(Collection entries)
=== Begin Enclosure ===

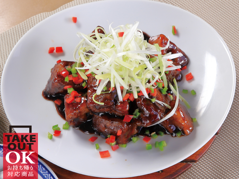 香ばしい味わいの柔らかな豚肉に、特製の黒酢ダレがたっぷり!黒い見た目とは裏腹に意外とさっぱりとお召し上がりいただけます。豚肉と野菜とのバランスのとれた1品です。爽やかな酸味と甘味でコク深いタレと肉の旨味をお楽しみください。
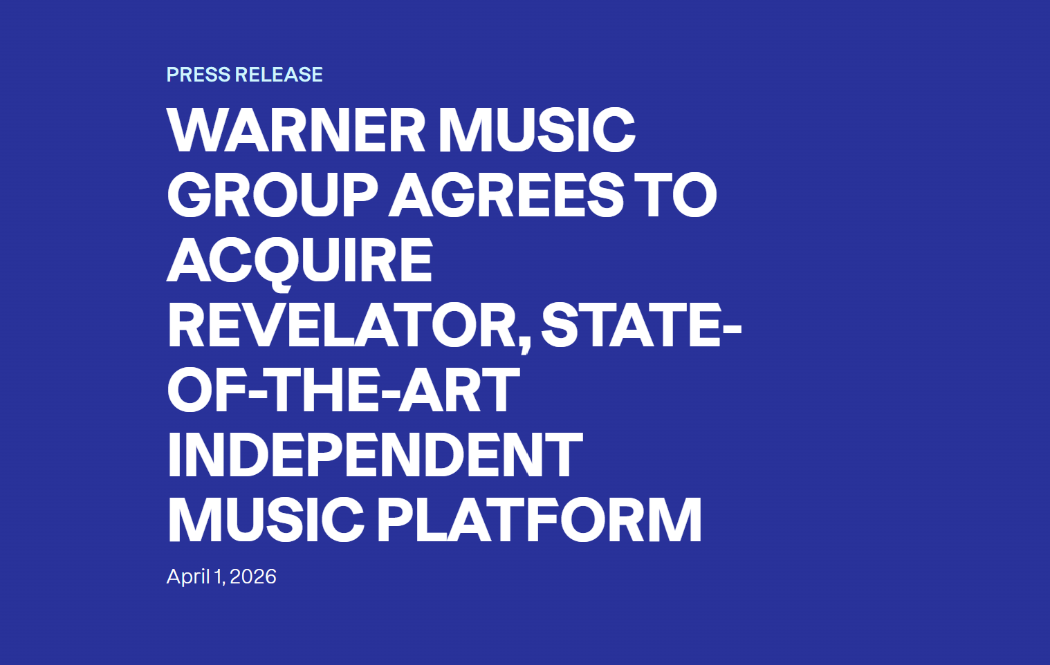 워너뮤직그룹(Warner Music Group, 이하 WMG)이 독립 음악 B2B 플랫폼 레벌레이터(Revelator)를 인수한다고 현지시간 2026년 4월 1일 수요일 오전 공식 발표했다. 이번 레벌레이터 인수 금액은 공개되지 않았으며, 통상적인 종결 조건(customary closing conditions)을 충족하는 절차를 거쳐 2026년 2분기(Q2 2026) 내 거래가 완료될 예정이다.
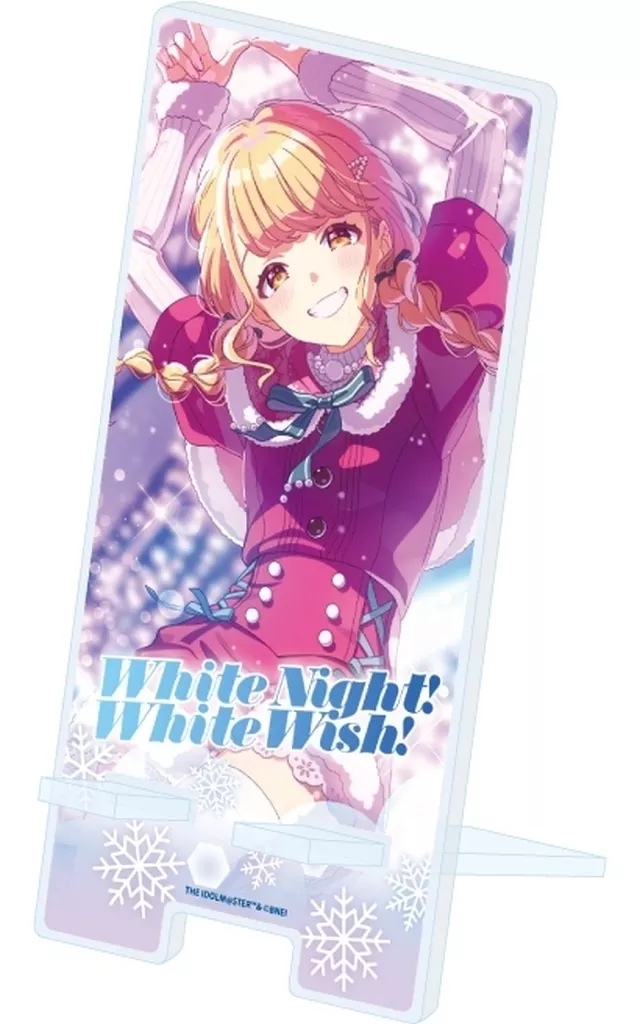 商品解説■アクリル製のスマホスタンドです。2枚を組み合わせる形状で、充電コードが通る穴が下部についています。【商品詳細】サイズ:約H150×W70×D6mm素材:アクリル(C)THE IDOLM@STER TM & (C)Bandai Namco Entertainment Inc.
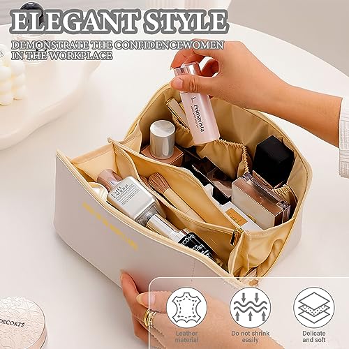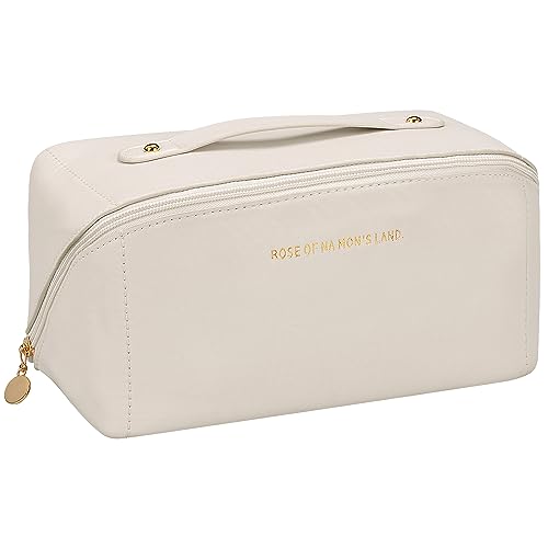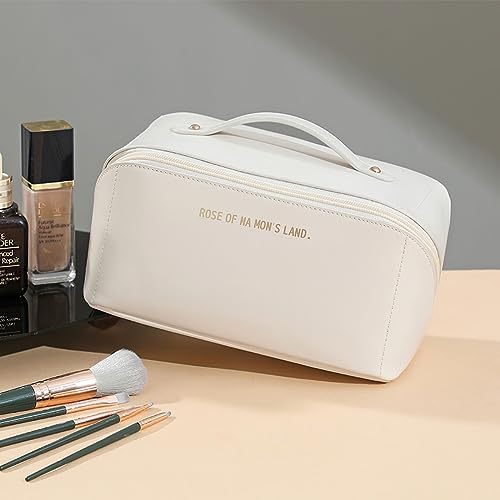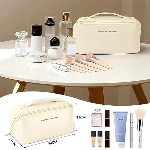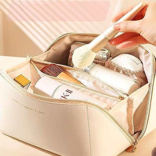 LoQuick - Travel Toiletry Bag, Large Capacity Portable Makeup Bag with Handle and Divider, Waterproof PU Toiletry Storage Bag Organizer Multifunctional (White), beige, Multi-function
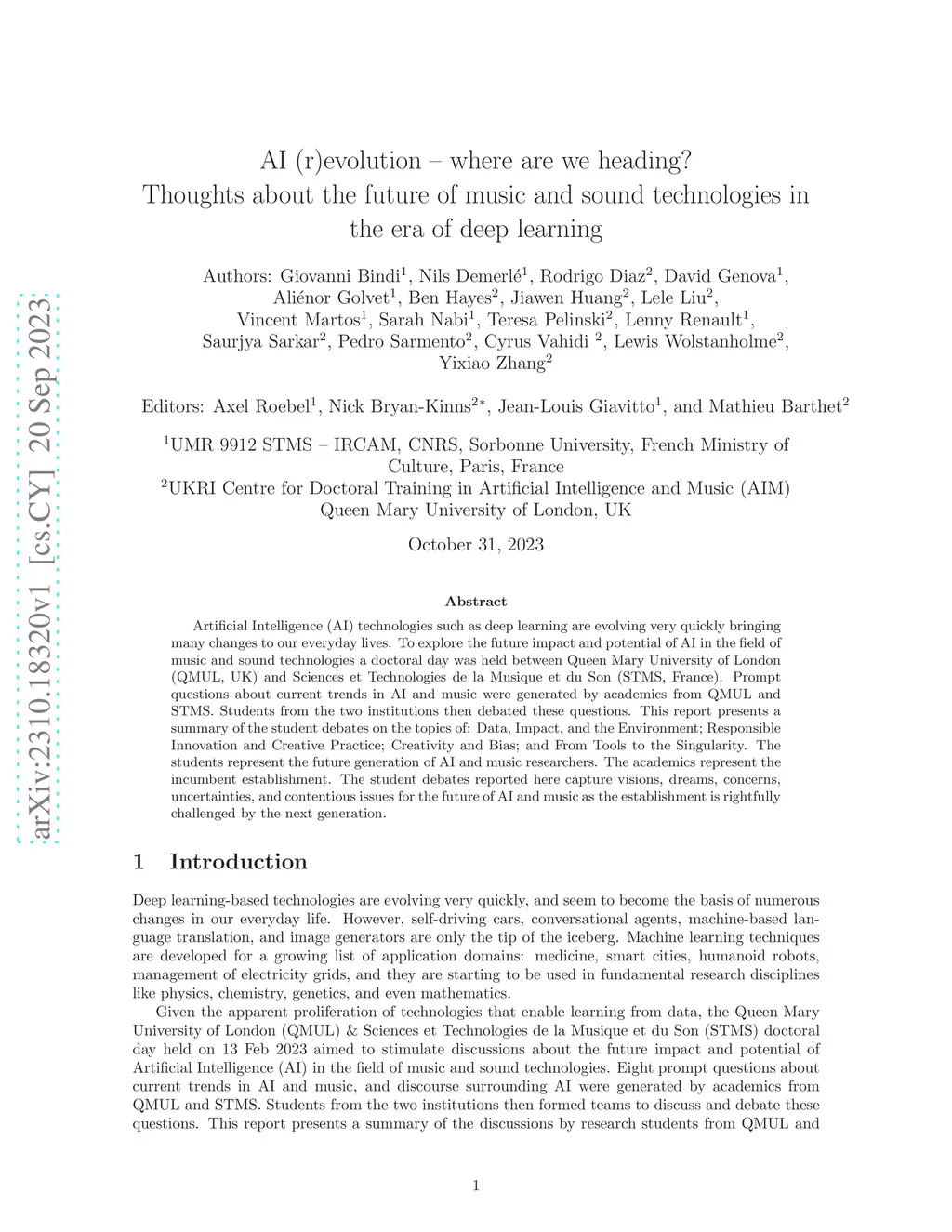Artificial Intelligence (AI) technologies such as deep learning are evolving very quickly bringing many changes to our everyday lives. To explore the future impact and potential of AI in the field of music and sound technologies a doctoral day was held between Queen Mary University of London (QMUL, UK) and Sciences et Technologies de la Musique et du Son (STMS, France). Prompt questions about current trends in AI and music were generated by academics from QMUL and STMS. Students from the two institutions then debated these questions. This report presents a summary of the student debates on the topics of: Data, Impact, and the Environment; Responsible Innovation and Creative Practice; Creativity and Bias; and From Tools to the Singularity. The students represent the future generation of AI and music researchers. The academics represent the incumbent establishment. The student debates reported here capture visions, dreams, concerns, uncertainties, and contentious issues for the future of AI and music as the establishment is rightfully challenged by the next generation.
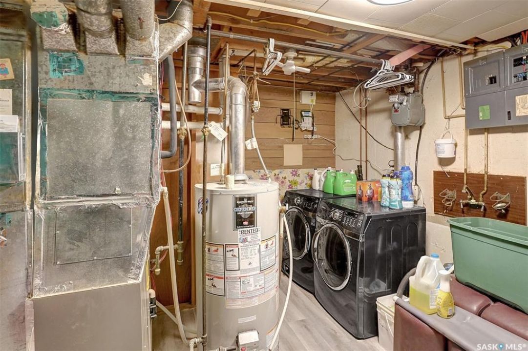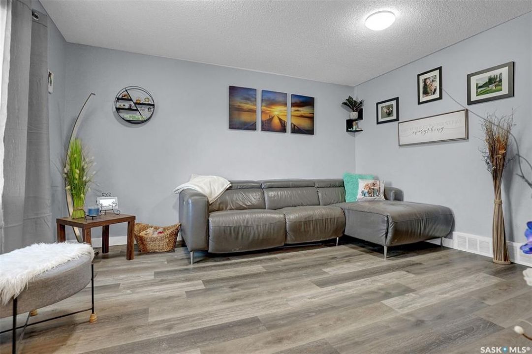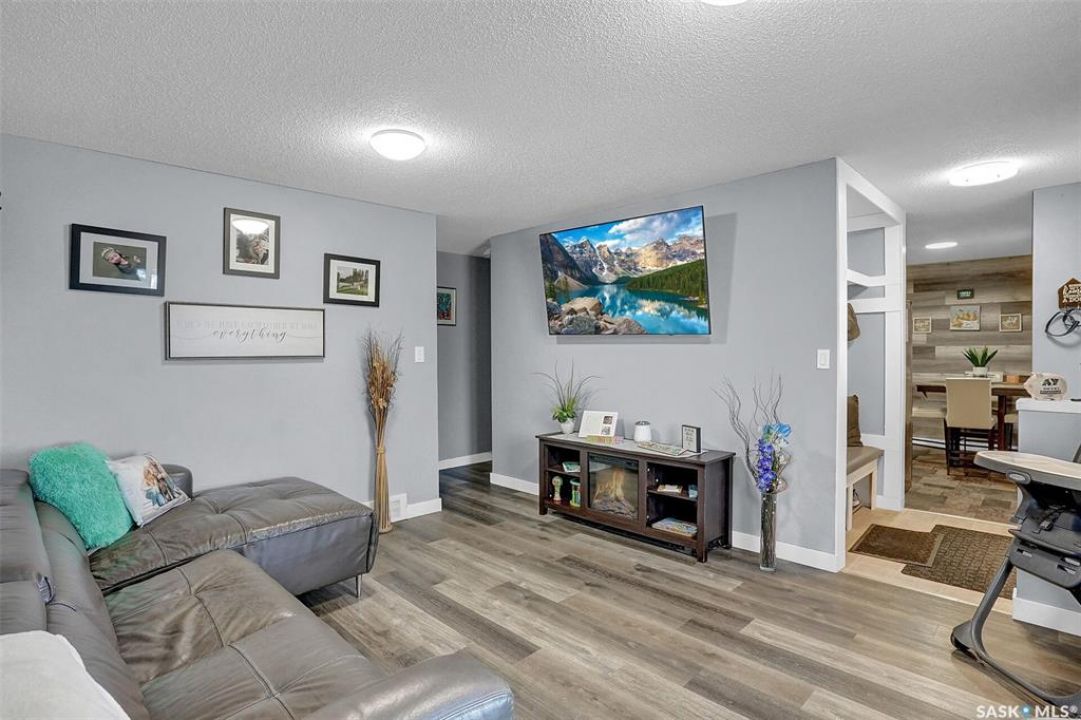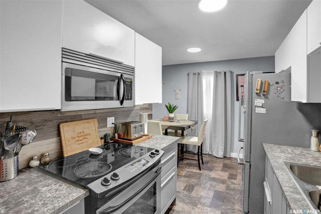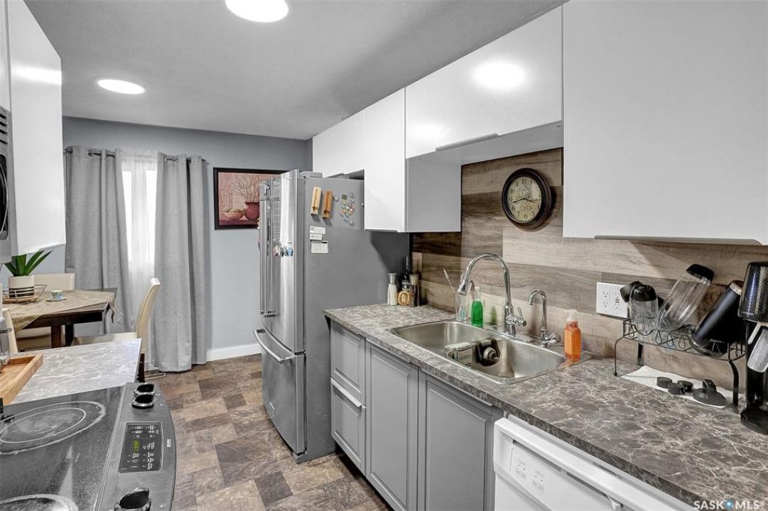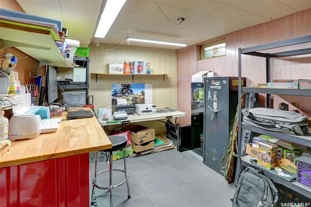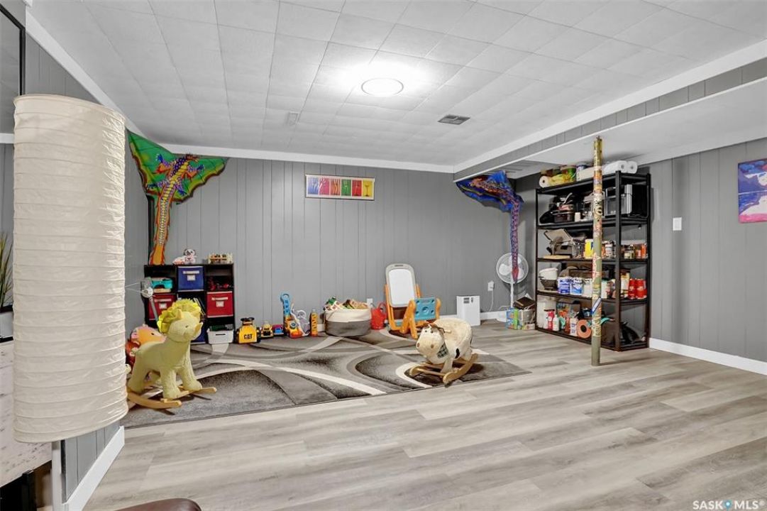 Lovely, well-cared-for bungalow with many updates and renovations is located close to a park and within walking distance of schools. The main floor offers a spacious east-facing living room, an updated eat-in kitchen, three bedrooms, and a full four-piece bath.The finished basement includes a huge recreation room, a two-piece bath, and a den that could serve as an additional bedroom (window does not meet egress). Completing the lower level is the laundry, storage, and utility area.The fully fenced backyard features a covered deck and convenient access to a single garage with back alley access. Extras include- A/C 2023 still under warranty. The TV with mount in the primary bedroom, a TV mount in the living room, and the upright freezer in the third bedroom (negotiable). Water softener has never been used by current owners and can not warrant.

=== End Enclosure ===

| Problem |
Reproduce every line above as written, skipping pictures.

| Solution to this task |
 香ばしい味わいの柔らかな豚肉に、特製の黒酢ダレがたっぷり!黒い見た目とは裏腹に意外とさっぱりとお召し上がりいただけます。豚肉と野菜とのバランスのとれた1品です。爽やかな酸味と甘味でコク深いタレと肉の旨味をお楽しみください。
 워너뮤직그룹(Warner Music Group, 이하 WMG)이 독립 음악 B2B 플랫폼 레벌레이터(Revelator)를 인수한다고 현지시간 2026년 4월 1일 수요일 오전 공식 발표했다. 이번 레벌레이터 인수 금액은 공개되지 않았으며, 통상적인 종결 조건(customary closing conditions)을 충족하는 절차를 거쳐 2026년 2분기(Q2 2026) 내 거래가 완료될 예정이다.
 商品解説■アクリル製のスマホスタンドです。2枚を組み合わせる形状で、充電コードが通る穴が下部についています。【商品詳細】サイズ:約H150×W70×D6mm素材:アクリル(C)THE IDOLM@STER TM & (C)Bandai Namco Entertainment Inc.
 LoQuick - Travel Toiletry Bag, Large Capacity Portable Makeup Bag with Handle and Divider, Waterproof PU Toiletry Storage Bag Organizer Multifunctional (White), beige, Multi-function
Artificial Intelligence (AI) technologies such as deep learning are evolving very quickly bringing many changes to our everyday lives. To explore the future impact and potential of AI in the field of music and sound technologies a doctoral day was held between Queen Mary University of London (QMUL, UK) and Sciences et Technologies de la Musique et du Son (STMS, France). Prompt questions about current trends in AI and music were generated by academics from QMUL and STMS. Students from the two institutions then debated these questions. This report presents a summary of the student debates on the topics of: Data, Impact, and the Environment; Responsible Innovation and Creative Practice; Creativity and Bias; and From Tools to the Singularity. The students represent the future generation of AI and music researchers. The academics represent the incumbent establishment. The student debates reported here capture visions, dreams, concerns, uncertainties, and contentious issues for the future of AI and music as the establishment is rightfully challenged by the next generation.
 Lovely, well-cared-for bungalow with many updates and renovations is located close to a park and within walking distance of schools. The main floor offers a spacious east-facing living room, an updated eat-in kitchen, three bedrooms, and a full four-piece bath.The finished basement includes a huge recreation room, a two-piece bath, and a den that could serve as an additional bedroom (window does not meet egress). Completing the lower level is the laundry, storage, and utility area.The fully fenced backyard features a covered deck and convenient access to a single garage with back alley access. Extras include- A/C 2023 still under warranty. The TV with mount in the primary bedroom, a TV mount in the living room, and the upright freezer in the third bedroom (negotiable). Water softener has never been used by current owners and can not warrant.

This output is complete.